Several cutting-edge technologies could significantly expand the utility of At3g05155 antibodies:

• Super-resolution microscopy techniques:

  • Stochastic optical reconstruction microscopy (STORM) can achieve 20nm resolution

  • DNA-PAINT approaches for multiplexed protein detection

  • Expansion microscopy to physically enlarge samples

  • Applications: Nanoscale mapping of AT3G05155 distribution in membrane microdomains

• Single-cell proteomics integration:

  • Mass cytometry (CyTOF) with metal-conjugated At3g05155 antibodies

  • Microfluidic antibody-based sorting of protoplasts

  • Applications: Cell type-specific transporter abundance profiles across tissues

• Proximity labeling approaches:

  • BioID or TurboID fusion proteins to identify proximal interactors

  • APEX2-based spatial proteomics

  • Applications: Mapping the dynamic AT3G05155 protein interaction network

• Antibody engineering advancements:

  • Single-chain variable fragments for improved penetration

  • Split-antibody complementation assays

  • pH-sensitive fluorescent antibody conjugates

  • Applications: Real-time monitoring of trafficking in live cells

• Cryo-electron microscopy applications:

  • Antibody-based localization in cryo-preserved samples

  • Structural studies using antibody fragments

  • Applications: Correlative light-electron microscopy of transporter complexes

Each of these technologies addresses current limitations in studying AT3G05155 biology.
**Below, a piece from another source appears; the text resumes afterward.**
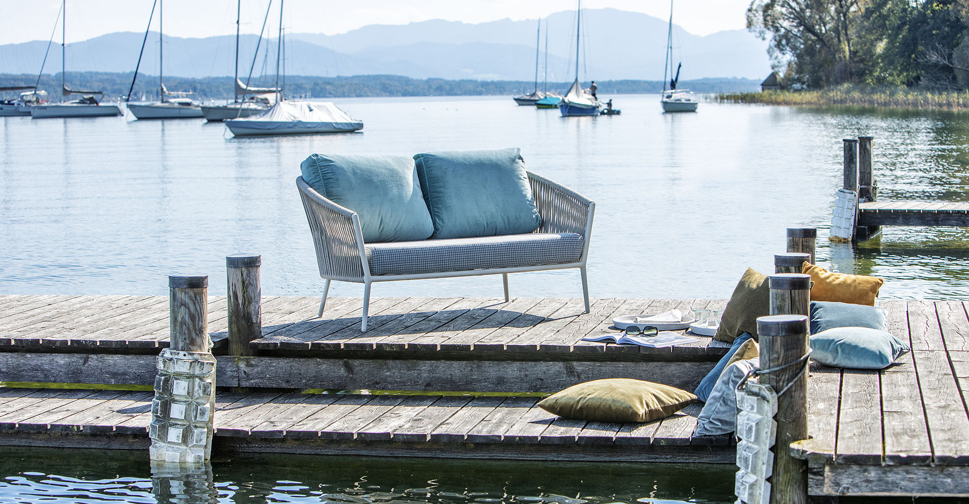 Den besten Sitzkomfort bieten die passenden Sitz- und Rückenkissen. Neben den angebotenen Standardkissen können elegante und individuelle Kissen aus einer Vielzahl hochwertiger Outdoor-Stoffe ausgewählt werden. Die Kissen trocknen dank der Quick-Dry-Foam-Füllung schnell.

For example, conventional confocal microscopy lacks the resolution to determine if AT3G05155 localizes to specific membrane microdomains, which could be resolved using super-resolution approaches. Similarly, single-cell techniques would reveal cell-to-cell variation in transporter abundance that is masked in whole-tissue analyses, potentially uncovering specialized cell types with high expression .

These advanced methods, when combined with genetic tools like CRISPR-engineered variants and environmental manipulations, promise to provide unprecedented insights into the dynamic regulation and function of this transporter in plant physiology.